EXERCISE REQUIREMENTS:
Pictures stay out of the copy; output exactly the lines from the one containing "Auf Lager Versand" through the end of the material.

DATASET EXCERPT:

>>>>>

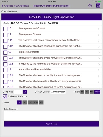 Based on the RR SMS Security Model, all Audits a user has access to are presented along with their Checklists. These can be checked-out and scored. As part of the Scoring Process, Guidance Material and Auditor Actions can be viewed, References can be read and added. In addition to that, Findings can be raised, as well as pictures taken as attachments.
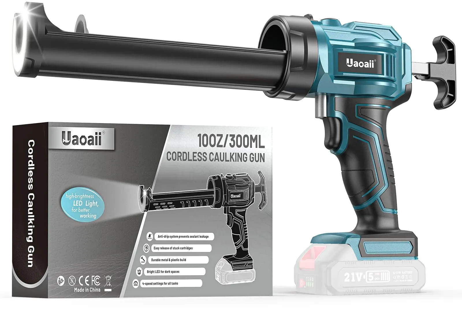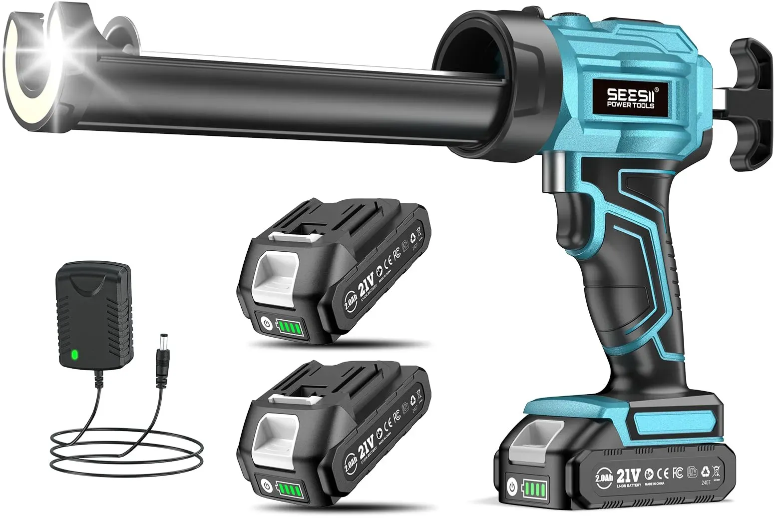 Auf Lager Versand durch AmazonONEMANA Silikonpistole mit Batterie, elektrische Pistole für Silikon und Aufkleber, 20 V, 6 Geschwindigkeitsstufen, Anti-Tropf, maximale Kraft 6500 N, für 10 oz/300 ml Kartuschen mit 2,0 Ah Akku und
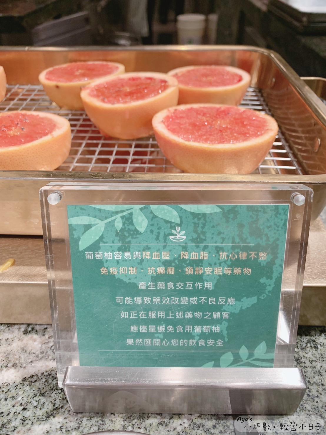 但我居然在「焦糖燒葡萄柚」前,看到關於食用特定藥物不適合吃葡萄柚的提醒,

<<<<<

RESULT BELOW:
 Auf Lager Versand durch AmazonONEMANA Silikonpistole mit Batterie, elektrische Pistole für Silikon und Aufkleber, 20 V, 6 Geschwindigkeitsstufen, Anti-Tropf, maximale Kraft 6500 N, für 10 oz/300 ml Kartuschen mit 2,0 Ah Akku und
 但我居然在「焦糖燒葡萄柚」前,看到關於食用特定藥物不適合吃葡萄柚的提醒,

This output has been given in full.